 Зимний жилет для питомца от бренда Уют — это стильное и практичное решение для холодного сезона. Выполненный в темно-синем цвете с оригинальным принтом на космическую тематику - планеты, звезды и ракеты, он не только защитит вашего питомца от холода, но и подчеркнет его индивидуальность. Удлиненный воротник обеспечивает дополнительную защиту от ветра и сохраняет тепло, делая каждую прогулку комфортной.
■ ■ ■
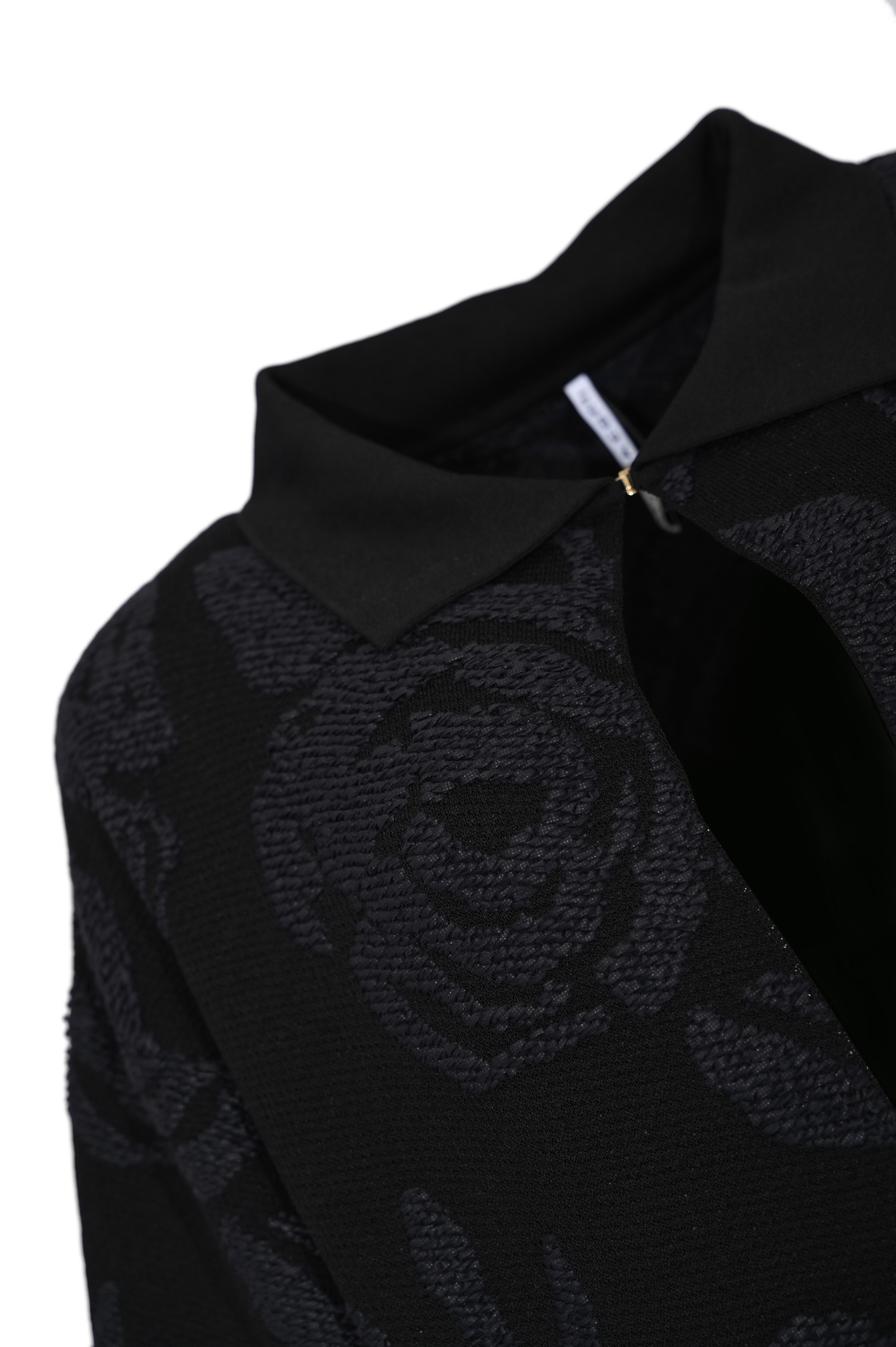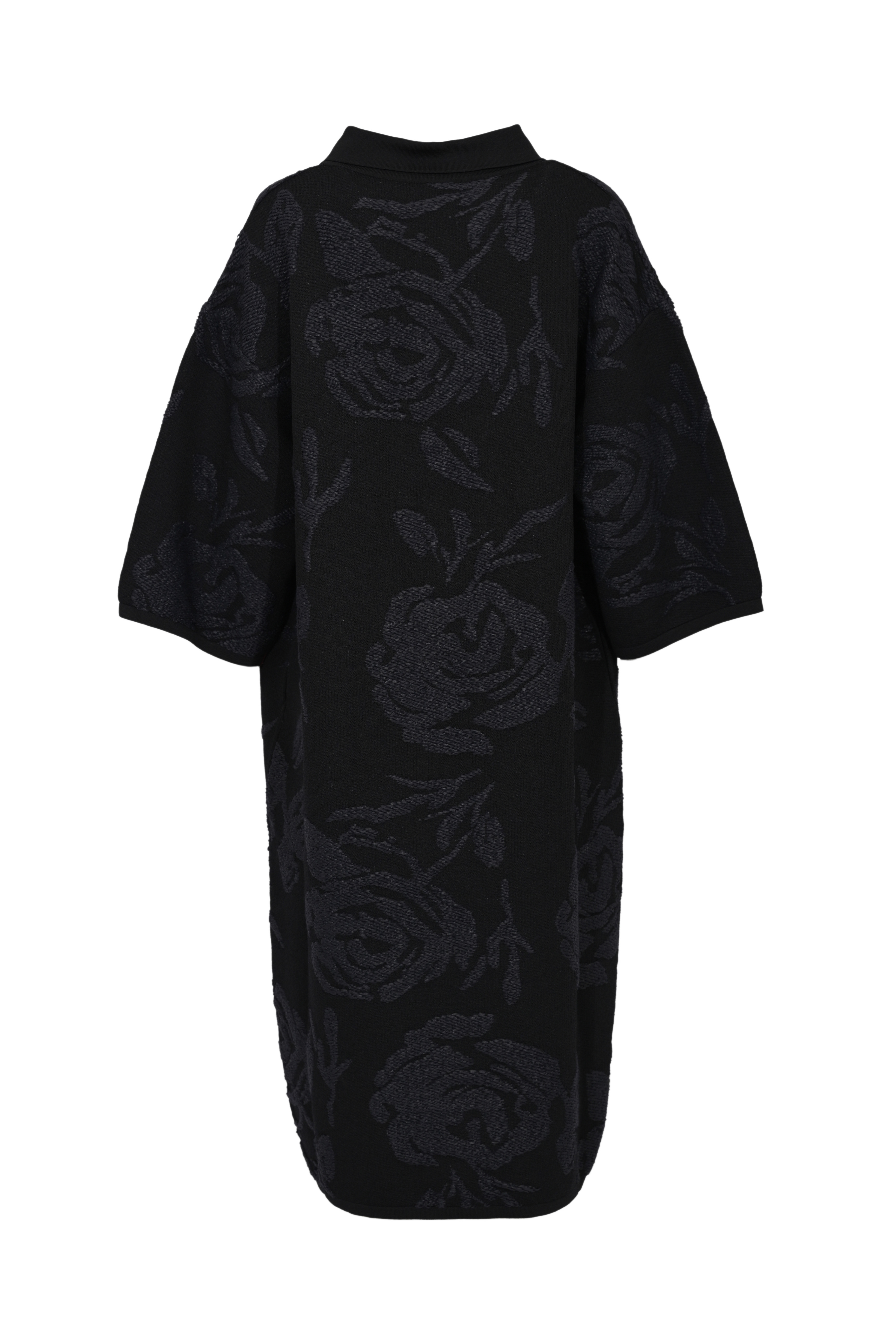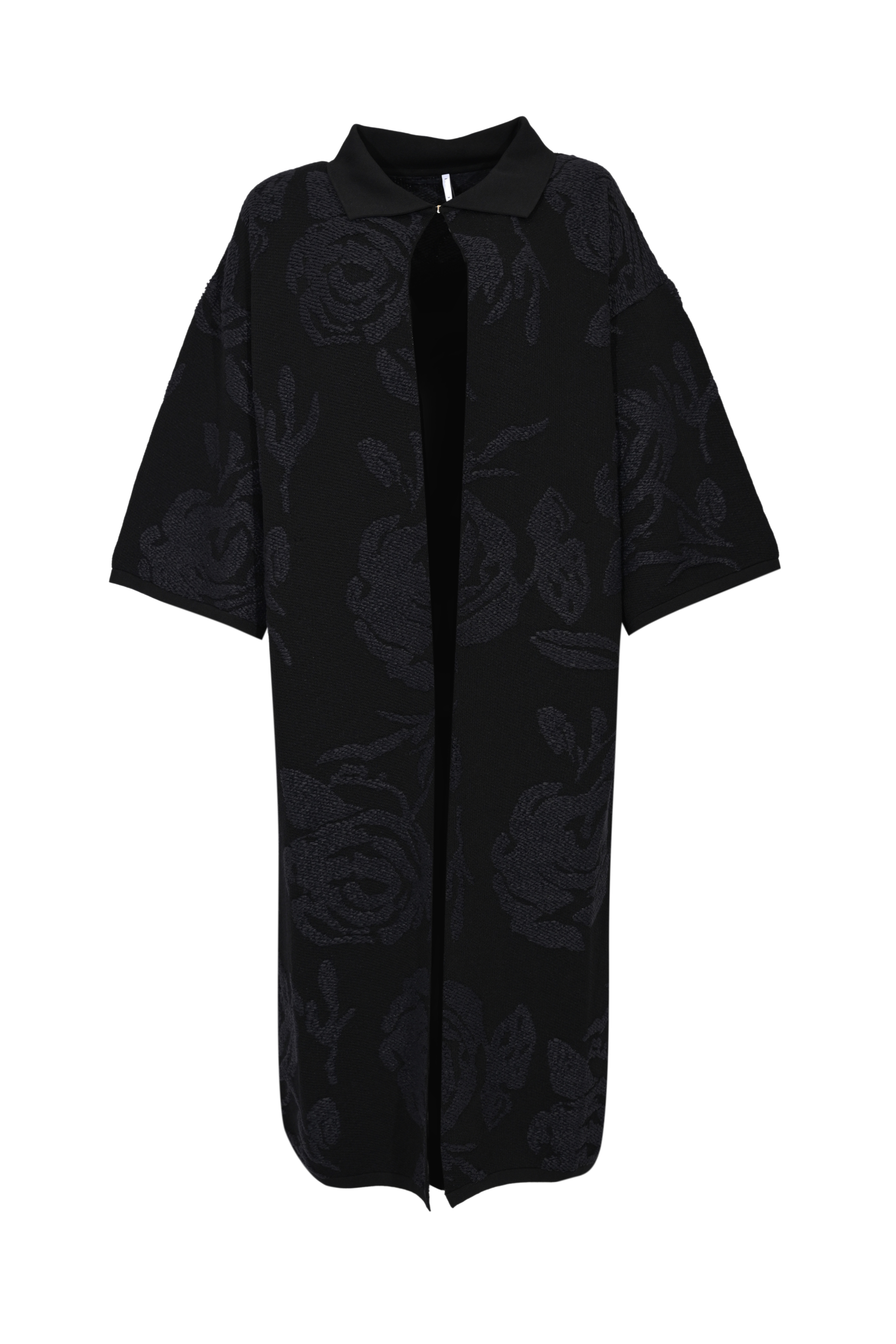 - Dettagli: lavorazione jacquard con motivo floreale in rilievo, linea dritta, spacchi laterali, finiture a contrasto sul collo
■ ■ ■
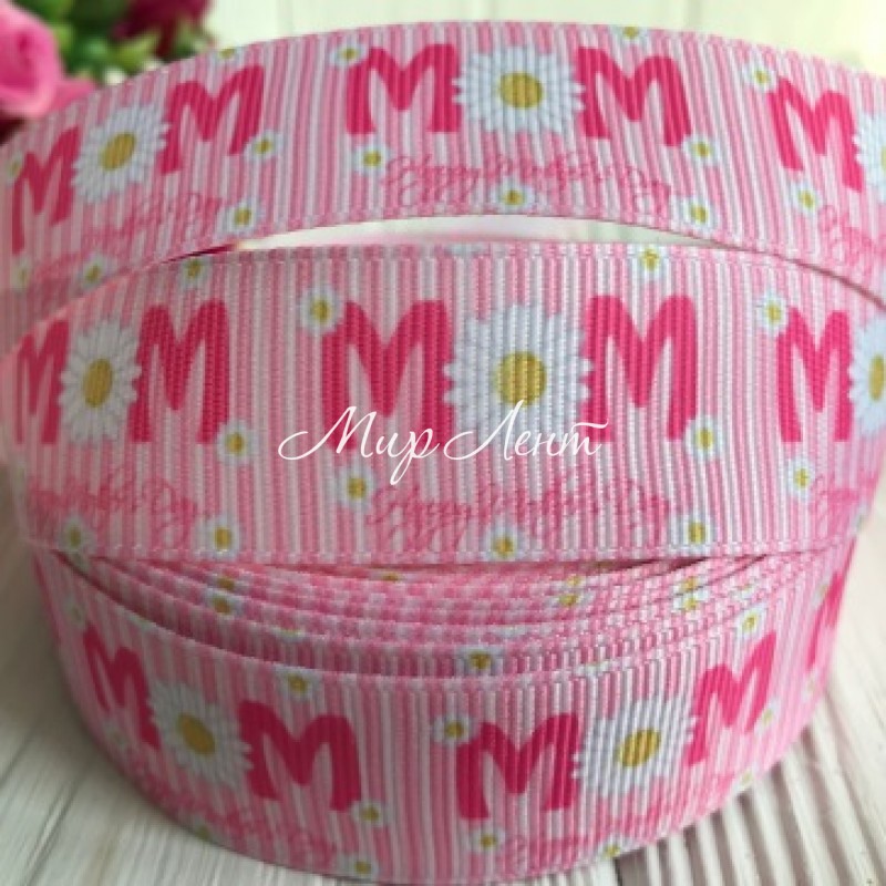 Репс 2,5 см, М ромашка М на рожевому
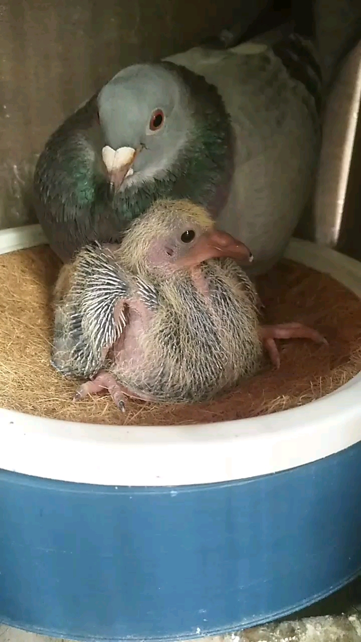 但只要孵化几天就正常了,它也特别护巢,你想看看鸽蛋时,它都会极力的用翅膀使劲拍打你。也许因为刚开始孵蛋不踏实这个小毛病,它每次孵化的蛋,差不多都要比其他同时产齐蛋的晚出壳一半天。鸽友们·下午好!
■ ■ ■
Work instructions :: Within the listing above, write out the stretch from the line with "Репс 2,5 см, М ромашка М на рожевому" through the line with "但只要孵化几天就正常了,它也" exactly. Any pictures are to be left out.

Expected answer ::
 Репс 2,5 см, М ромашка М на рожевому
 但只要孵化几天就正常了,它也特别护巢,你想看看鸽蛋时,它都会极力的用翅膀使劲拍打你。也许因为刚开始孵蛋不踏实这个小毛病,它每次孵化的蛋,差不多都要比其他同时产齐蛋的晚出壳一半天。鸽友们·下午好!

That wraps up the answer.